У Пимпренетты началась истерика. Ипполит ликовал. Фелиси поддерживала мать, упавшую в обморок. Крики, причитания, отчаянные воззвания к небесам слились в единый гомон, а старик Маспи между тем настойчиво требовал бутылку водки, чтобы прийти в себя, утверждая, что если он себя сейчас пока еще сносно чувствует, то после такого удара всякое может случиться. Элуа нервно стал растягивать слова, чтобы избежать апоплексического удара. Бруно, вновь усевшись на стул, напоминал рыбака, который был вынужден оставаться на скале, застигнутый врасплох приливом. Элуа, обретя нормальное дыхание и вертикальное положение, осушил до дна два стакана кьянти, чтобы вернуть себе уверенность. Но прежде чем он успел открыть рот, Перрина прокричала:
— При таких условиях, Элуа, сами понимаете, я оставлю свою дочь при себе.
— Я это понимаю, Перрина…
Пимпренетта вновь собралась устроить истерику, но увесистая материнская оплеуха лишила ее этого удовольствия.
— Друзья мои…
Молчание сковало эти храбрые сердца, потрясенные неожиданным несчастьем, постигшим их товарища.

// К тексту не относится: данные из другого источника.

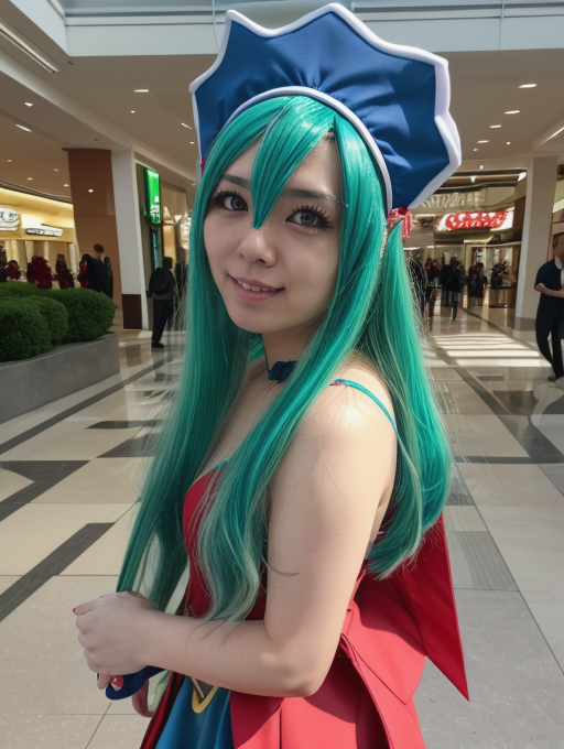best quality, masterpiece, highres, detailed, realistic, <lora:Detail - add_detail:0.2>, Mariandale, <lora:Mariandale-10:0.9>, mall, cosplay, japanese woman, wig, posing, happy, blue and red dress, green hair, headdress, upper body,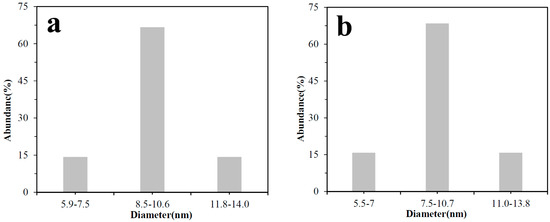 Particle distribution of AgHBP-A (a) and AgHBP-N (b).

— …То, что случилось со мной сегодня… я этого не заслужил…
Фонтан-Богач голосом, срывающимся от волнения, подтвердил:
— Да, Элуа, ты этого не заслужил!..
— Спасибо, Доминик. Ведь кажется, что знаешь своих детей… из кожи вон лезешь, чтобы дать им хороший пример… а в один прекрасный день словно просыпаешься и ясно видишь, что пригрел змею на своей груди!
Это сравнение произвело глубокое впечатление. Змей, о котором шла речь, продолжал упорно смотреть в пол.
— Вся моя жизнь оборвалась в одно мгновение и это тогда, когда я уже думал, что смогу мирно наслаждаться старостью… и все по вине этого проходимца, этого негодяя! Скажи, чудовище, где ты набрался таких идей? Наверное, в армии?
К великому ужасу всех присутствующих, воспитанных в уважении к родителям, Бруно восстал против своего отца:
— Эти идеи пришли ко мне именно здесь!
Элуа хотел броситься на сына, но Шивр вовремя его остановил.
— Успокойся, дружище… успокойся… иначе ты натворишь бед!
— Оставь меня, Адольф! Надо же что-то делать! Моя честь этого требует! Он еще смеет говорить (какой ужас!), что набрался всего этого здесь…
— Да, здесь!.. Видя, что мои родители не выходят из тюрьмы, видя, как все вы большую часть жизни проводите в заключении, я решил жить иначе, совсем не так, как вы, потому что самый последний уличный мусорщик более свободен, чем вы, с вашими россказнями о воле. Я хочу, чтобы моим детям не было стыдно за своего отца! И я иду в полицию, потому что хочу бороться против таких людей, как вы, которые делают своих детей несчастными, потому что они уже с самого рождения — добыча для тюрьмы.
Доле пришлось прийти на помощь Шивру, чтобы сдержать Элуа, который громко кричал:
— Отпустите меня, я сейчас его убью!